Encore une fois, tout était de sa faute.

« Jeanne, ne te fâche plus. On va d'abord déjeuner, d'accord ? Ensuite je t'accompagne faire quelques courses, si tu veux. »

Jeanne y a pensé une seconde. Pourquoi pas. Elle avait quelque chose à lui dire.

Clément l'a emmenée dans un restaurant tout proche.

En entrant, sous le regard du serveur, son vieux réflexe est revenu.
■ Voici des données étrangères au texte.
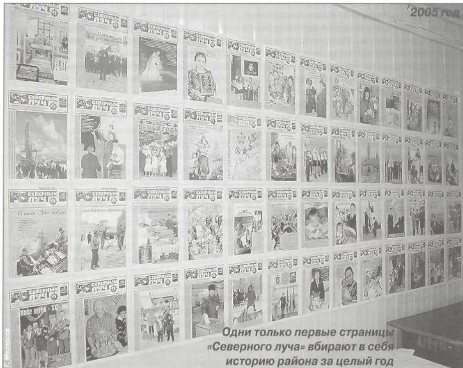
Одни только первые страницы «Северного луча» вбирают в себя историю района за целый год

Теперь о периоде нынешнем. В осмысленной пройденной народ понял, что Родину у него отняли, а взамен ничего не дали. Все забрали себе. Четыре десятка олигархов вла-
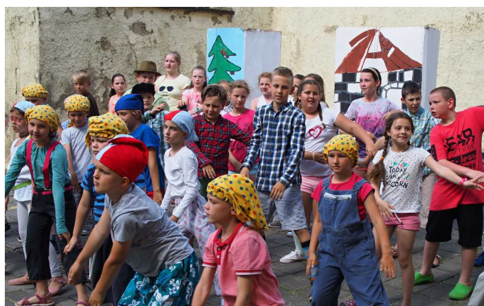
Těšíme se na prázdniny

V e dnech 3. – 7. června 2019 prožily děti ze ZŠ a MŠ ozdravný pobyt na Trojáku. Program celého týdne se nesl v duchu „Živlů“, jako je vítr, voda, oheň a půda. Působení jednotlivých živlů si děti zažily všemi smysly při pokusech, tvoření, výtvarných činnostech i při přednášce amatérského meteorologa. Nechyběly ani výlety. Navštívili jsme rozhlednu „Maruška“, Tesák i nejvyšší horu Hostýnských vrchů – Kelčský Javorník. Celý týden se nám moc líbil.
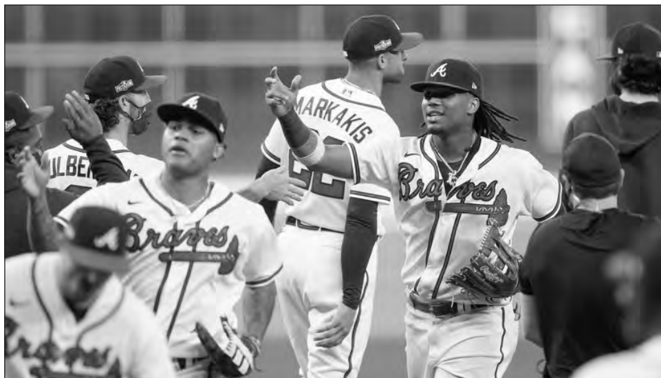
▲ El venezolano Ronald Acuña Jr. festeja con sus compañeros tras el primer juego de la serie divisional de la Liga Nacional, ante los Marlins, en Houston.

D'Arnaud aportó además un doble y un sencillo, para totalizar cuatro remolcadas.
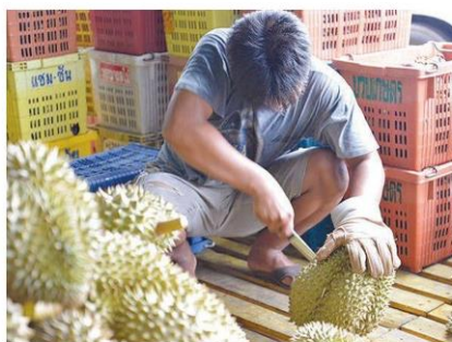
ปอกทุเรียนขาย

เดือนที่ผ่านมา ประกอบกับความต้องการของผู้บริโภคลดลง
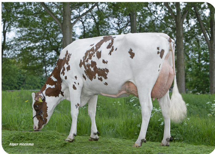
Corrie 90 (v. Red River) (foto als 2de kalfs) Eig.: VOF Verhoef Dairy Farm, Nieuwerbrug aan de Rijn.
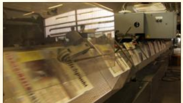
Ganz schön schnell werden an dieser Maschine die einzelnen bereits gefalzten Druckbögen zusammengetragen und letztlich in der Mitte geheftet. Heraus kommt der fertige Blickpunkt.

mit einer großen Schneidemaschine beschnitten. Den Blickpunkt könnte man jetzt schon fast durchblättern, doch es fehlt noch das endgültige Zusammentragen.
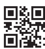
各会場の動画が 見られます
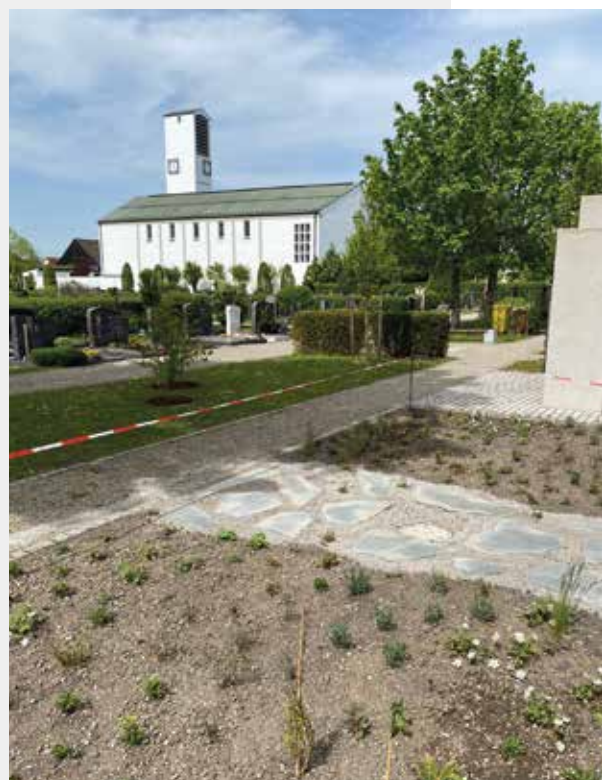
Schon fast fertig ist die neue Anlage auf dem Friedhof. Die neue Stehle wird vom Steinmetz noch fachgerecht angebracht.
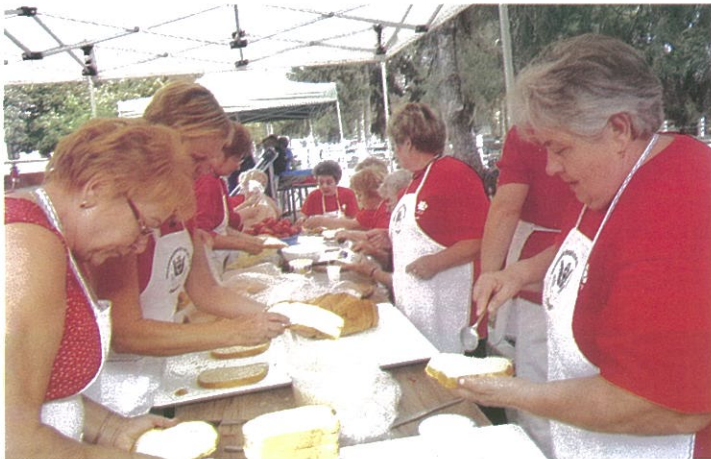
Hagyományörző Nők Egyesülete
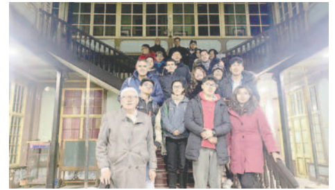
Durante dos jornadas estudiantes se capacitaron con miras al Día de Museos
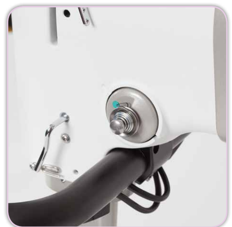
Patentierte digitale Fadenspannungseinstellung per Touch-Screen

Elle a failli baisser la tête, relever un peu son col, et se glisser derrière lui pour cacher sa démarche irrégulière.

Puis, immédiatement, elle s'est ressaisie.

Inutile.

De toute façon, elle ne comptait plus être « à la hauteur » pour lui.

Ils se sont installés à une table.

La carte était déjà là, et en la parcourant rapidement, Jeanne a compris que presque tous les plats proposés étaient épicés.

Clément, lui, ne s'en rendait même pas compte.

Il a poussé la carte vers elle avec son éternelle douceur.

« Jeanne, choisis ce que tu veux. Ici, tout est bon. »

Un sourire amer lui a effleuré les lèvres.

Clément n'avait jamais su qu'elle ne supportait pas le piment.

Et si, à la maison, les repas étaient toujours épicés, c'était uniquement parce que lui en raffolait.

« Clément, je n'ai pas faim. » Elle n'a pas ouvert la carte. « J'ai quelque chose à te dire. »

« Quoi ? »

Il a esquissé un léger sourire.

« Tu veux aller où ? Je viens avec toi. J'ai toute la journée. Cet après-midi, je t'emmène te promener, et ce soir on passe chez tes parents pour dîner. »

Jeanne a fixé son sourire presque imperceptible. Rien qu'en pensant à ce qu'elle allait lui dire, une amertume sourde lui a serré la poitrine.